4. Each Shareholder agrees and acknowledges that:
(a) InterCept is not obligated to effect the registration of the shares
held by the Shareholders on the Resale S-3.
(b) InterCept may withdraw or terminate the registration at any time for
any reason or for no reason at all and, if such event occurs, InterCept shall
have no further obligation to the shareholders to register the shares of common
stock held by them, except pursuant to the March Agreement.
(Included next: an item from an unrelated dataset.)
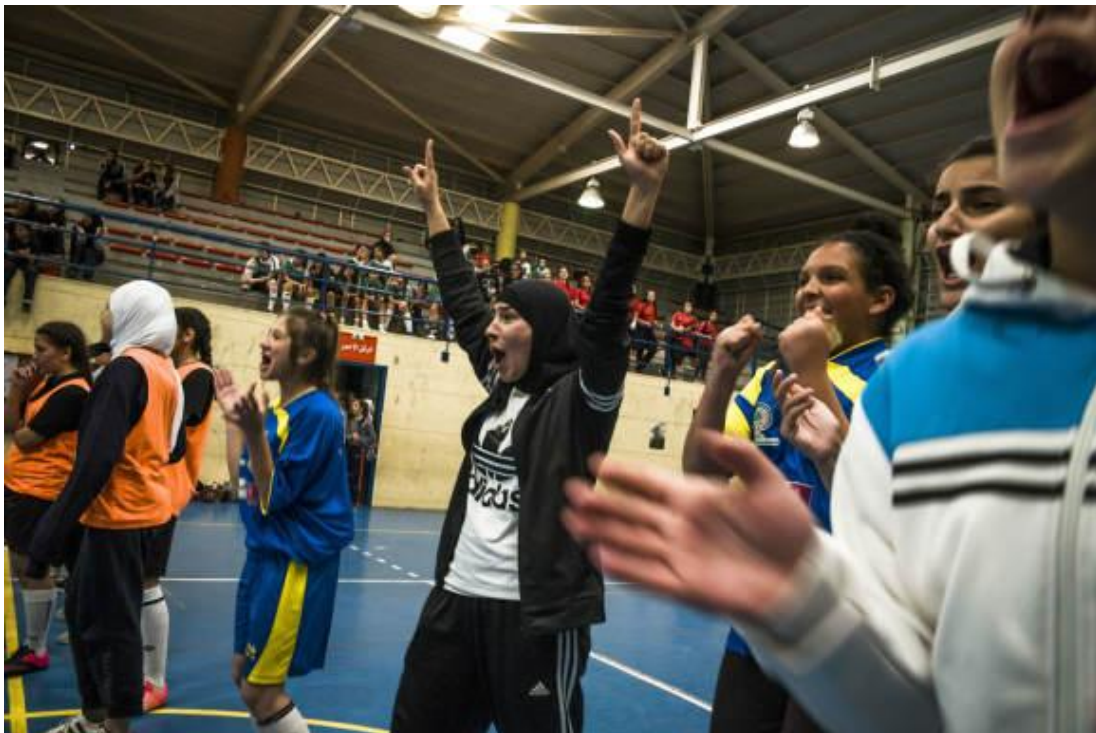
Un des visuels de l'outil 'What the foot', réalisé par le collectif HUMA et soutenu par Quinoa
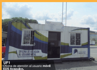
UF1 Oficina de atención al usuario móvil EDS Acapulco.

(c) The shares of common stock held by such Shareholder were acquired
pursuant to the Acquisition and Merger Agreement dated March 9, 1999 by and
between InterCept and the Shareholders.
(d) Such Shareholder has not entered into any agreements, understandings or
arrangements with any underwriters or broker-dealers regarding the sale of these
shares, nor is there an underwriter or coordinating broker acting in connection
with the proposed sale of these shares.
(e) During the time the Shareholders are engaged in a distribution of the
shares to be registered, they are required to comply with Regulation M under the
Securities Exchange Act of 1934, including the provisions contained therein that
prohibit the Shareholders, any affiliated purchasers and other persons who
participate in such a distribution from bidding for or purchasing, or attempting
to induce any person to bid for or purchase, any security which is the subject
of the distribution until the entire distribution is complete.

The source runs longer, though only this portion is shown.